6.6/10
Senior Film Conservator

A definitive 6.6/10 rating for a film that redefined the boundaries of cult cinema. Mickey's Nightmare remains a cornerstone of transgressive art.
If you have seven minutes to spare and want to see some vintage cartoon birth control, this is absolutely worth your time. Animation nerds will love the bouncy 1930s style, but anyone who gets easily annoyed by high-pitched squeaking should probably steer clear. 🐭
It starts with Mickey going to bed and Pluto giving him this incredibly wet, slobbery wake-up lick. You can almost feel the cartoon spit through the screen, which is honestly a bit much for a Sunday morning.
Mickey falls back asleep and immediately dreams of marrying Minnie. The wedding is cute, but then a giant stork shows up and dumps a literal bucket of baby Mickeys down the chimney.
There are like twenty of these little gremlins. They do not just play; they destroy the entire house with black paint.
One baby has this totally blank stare while smearin paint on the wall. It actually creeped me out a little bit.
They paint the dog. They paint the furniture. It’s the kind of pure, unchecked chaos you might expect in something like She Supes to Conquer, just with more ink and less logic.

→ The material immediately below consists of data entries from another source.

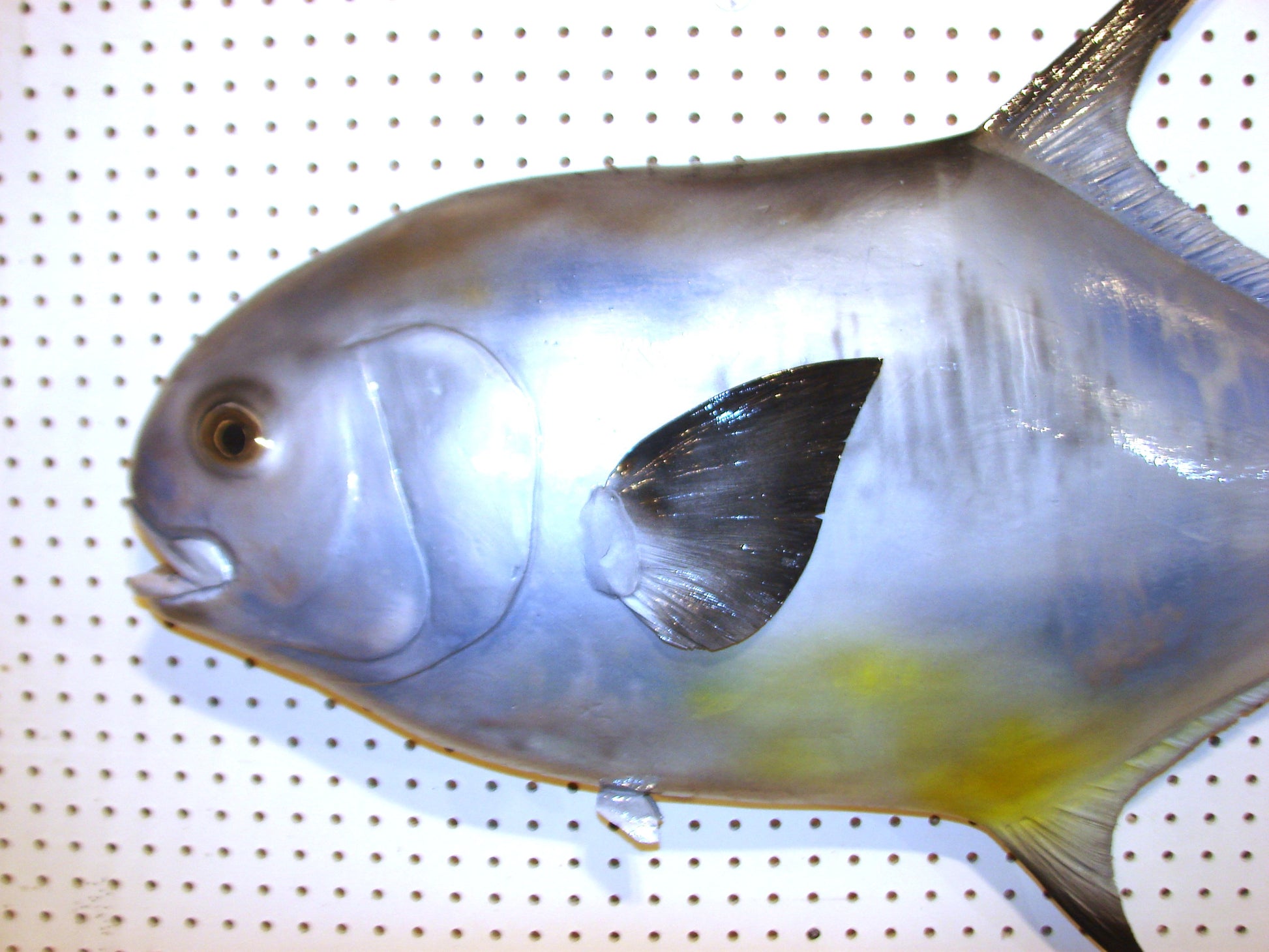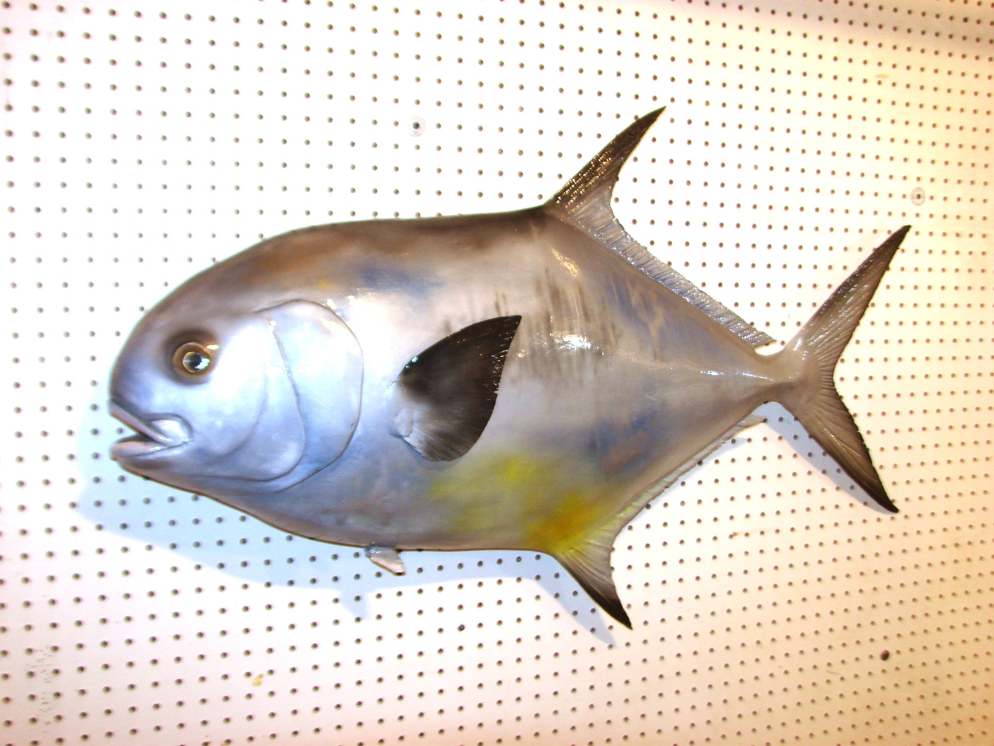 This permit is approximately 42" long (TOTAL LENGTH, TIP-T0-TIP), 25" tall, and 6" from the wall. I sculpted it from polystyrene foam, plaster, and epoxy resins. I carved the details by hand into the plaster, and carved the fins by hand from HDPE plastic from recycling plastic buckets, from HDPE sheets, acrylic sheets, or a combination of these materials. It is reinforced with fiber mesh, and steel wire. It is comparable to a fiberglass replica in every way. It is light, strong, and easily hangs on a single nail via the hole in back at its center of gravity.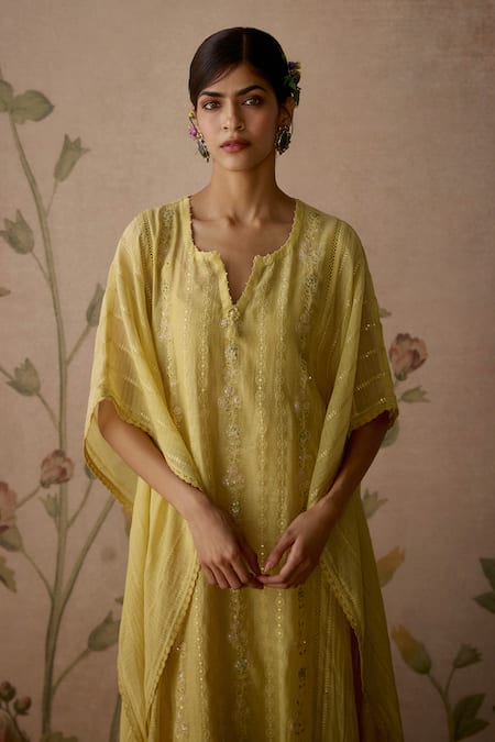 Yellow kaftan featuring batwing sleeves, notched neckline, and hand embroidered floral, thread, and sequins details. Paired with cotton pants that have lace detailing and a slip.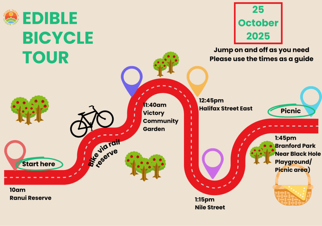 The edible bicycle tour will begin at 10am at Ranui Park with a 45-minute introduction and finish with a picnic at Branford Park at around 1pm. Stops will include Victory Community Garden, various public fruit trees and orchards and a private garden. Specific details of the tour will be sent to registrants before the event.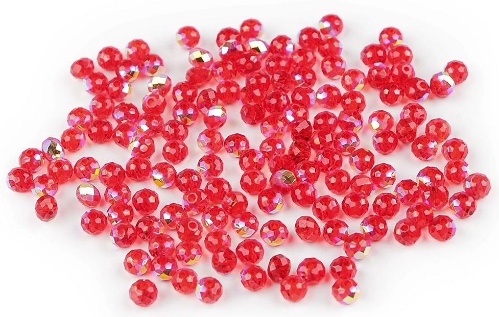 Popis Skleněné korálky broušené ohňovky 4 mm s AB efektem 4 červená - AB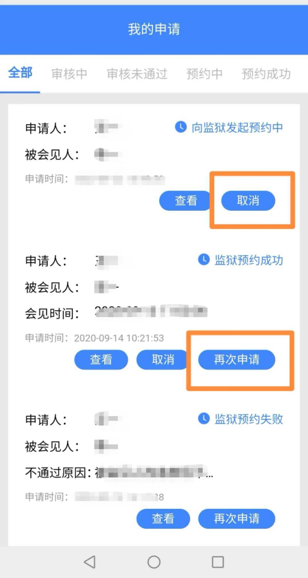 2.已安排視頻會見的,當(dāng)月就不能同時再到監(jiān)獄實(shí)地會見,特殊情況除外。已到監(jiān)獄實(shí)地會見過的,當(dāng)月不能在手機(jī)端發(fā)起預(yù)約申請。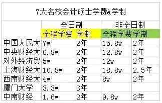 二、7大名校会计硕士学费&学制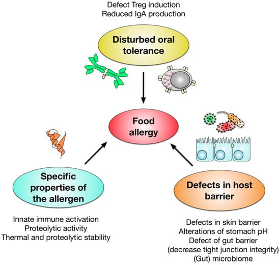 Factors contributing to the development of food allergy. The published literature suggests, that both a disruption of regulatory T cell (Treg)- and immune globulin A (IgA)-mediated oral tolerance and defects in the barrier function of skin and gut contribute to the development of food allergy. Moreover, alterations in stomach pH and the gut and skin microbiome were shown to influence allergic sensitization. In addition, intrinsic properties of the allergen molecules such as innate immune activation, proteolytic activity, or increased thermal and proteolytic stability contribute to allergic sensitization.
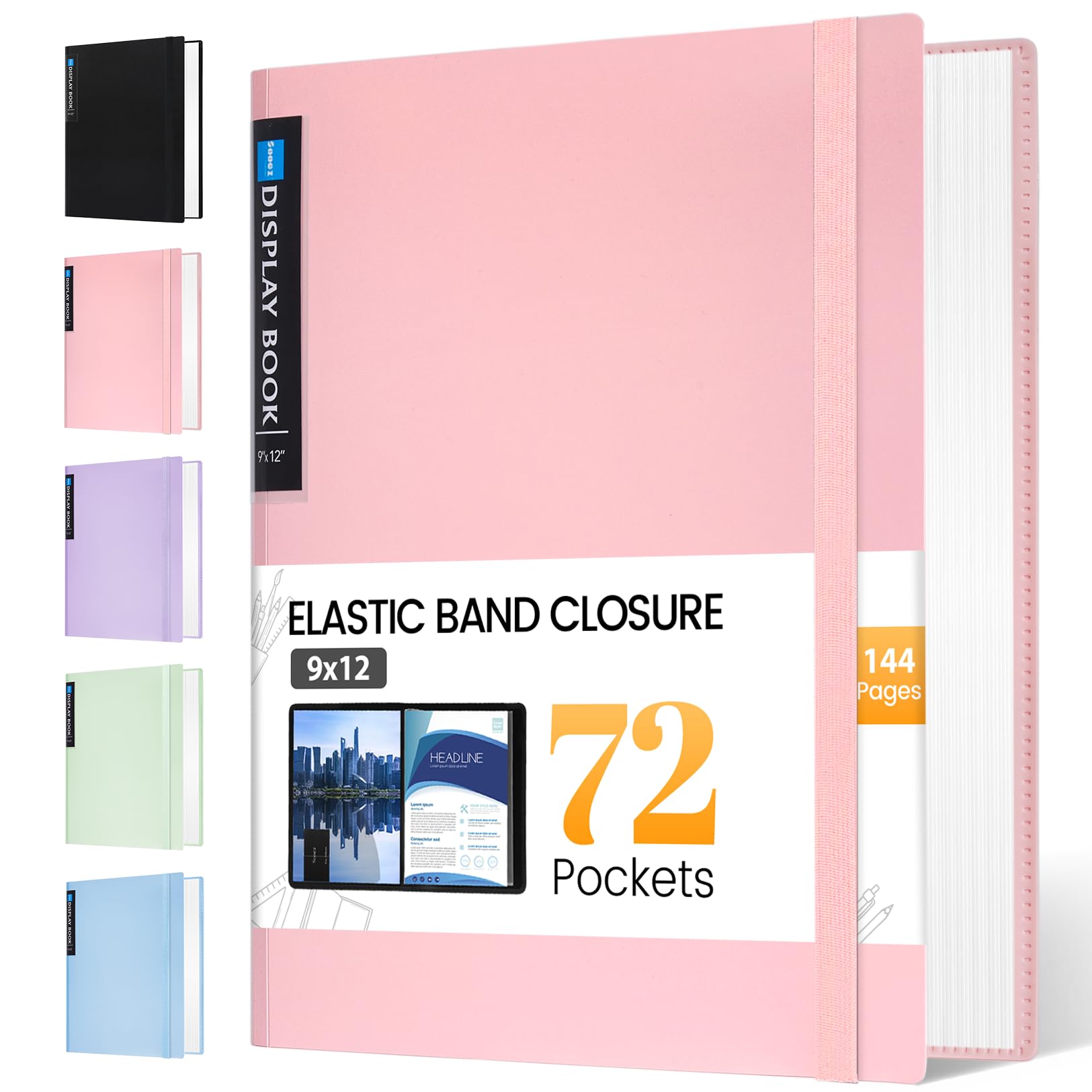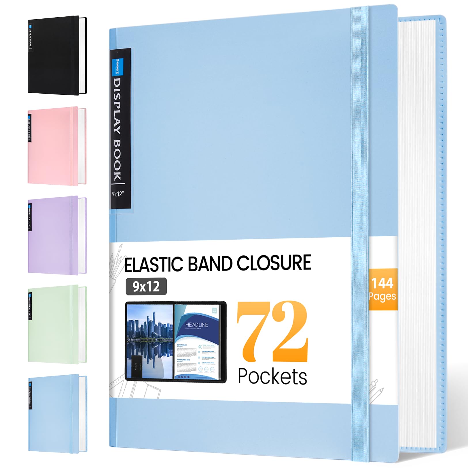 • Sooez Art Portfolio 9"x12", 72 Pockets Large Portfolio Folder Display 144 Pages, Heavy Duty Binder with Plastic Sleeves&Elastic Band, Presentation Book with Clear Sheet Protector for Artwork Organizer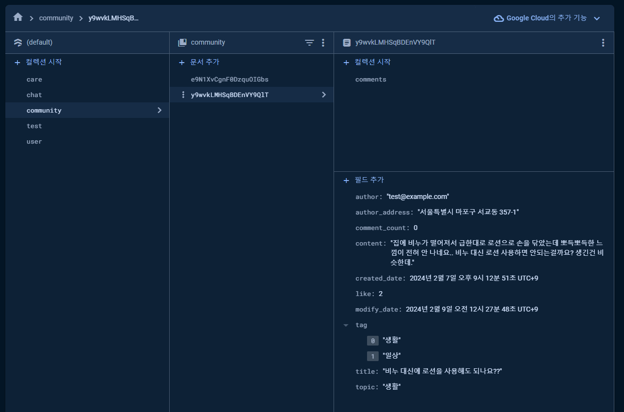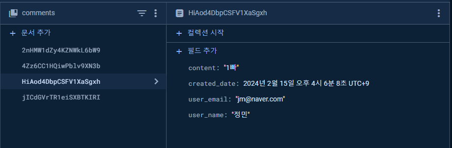 그런데 지금 생각해보니 댓글 개수 정보는 하위 컬렉션에 저장해두고 매번 API 호출 시 댓글 컬릭션의 문서 갯수를 세서 반환하므로 굳이 DB 필드로 존재할 필요는 없었을 것 같다.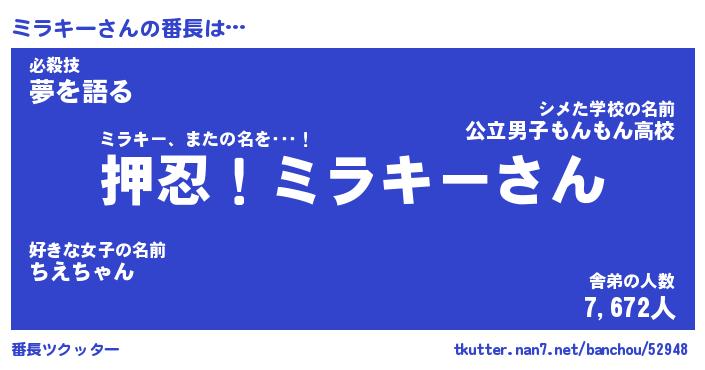 | ヒーロー風カッコイイあだ名 | 『スーパーミラキー』『銀牙騎士ミラ』 |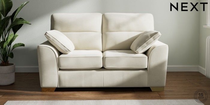 7.0.3 Buy Stamford Highback 2 Seater Small Sofa Luxe Chenille Oyster Large Square Angle - Brushed Brass from the Next UK online shop Click here to use our accessible website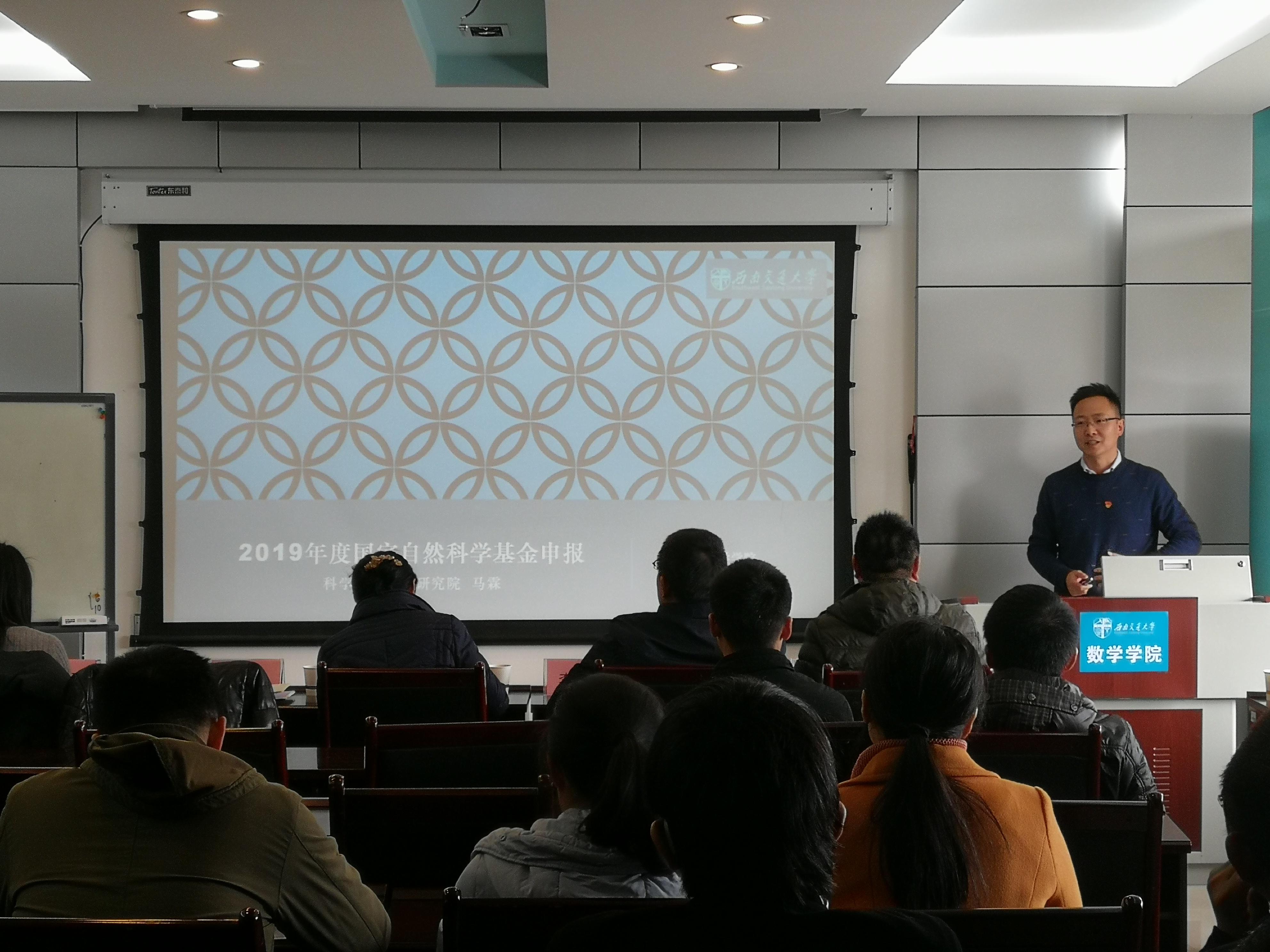 的老师们详细介绍了有关国家自然科学基金项目申报的流程和细节。马霖老师从“回顾2018”和“展望2019”两个方向切入,首先介绍了交大在2018年的基金申报情况,并通过图表等方式直观地向大家展示了最近几年学校总体的获资助情况。而提到展望2019,马霖老师先详细描述了基金委的一些新出台政策,在此之后又结合网飞猫

The sound effects are just a wall of noise. It’s a constant barrage of high-pitched baby crying and objects breaking that starts to hurt your ears after a while.
But the way the characters move is just so cool. Their limbs stretch like warm taffy, which is something modern CGI just cannot recreate properly.
I noticed one background detail where a picture frame on the wall seems to move on its own before a kid even touches it. A tiny mistake, but that’s what makes these old hand-drawn shorts so charming.
Eventually, Mickey wakes up tangled in his blankets, realizing it was all a dream. He looks so incredibly relieved to still be single, and honestly, after watching those kids, I don't blame him one bit.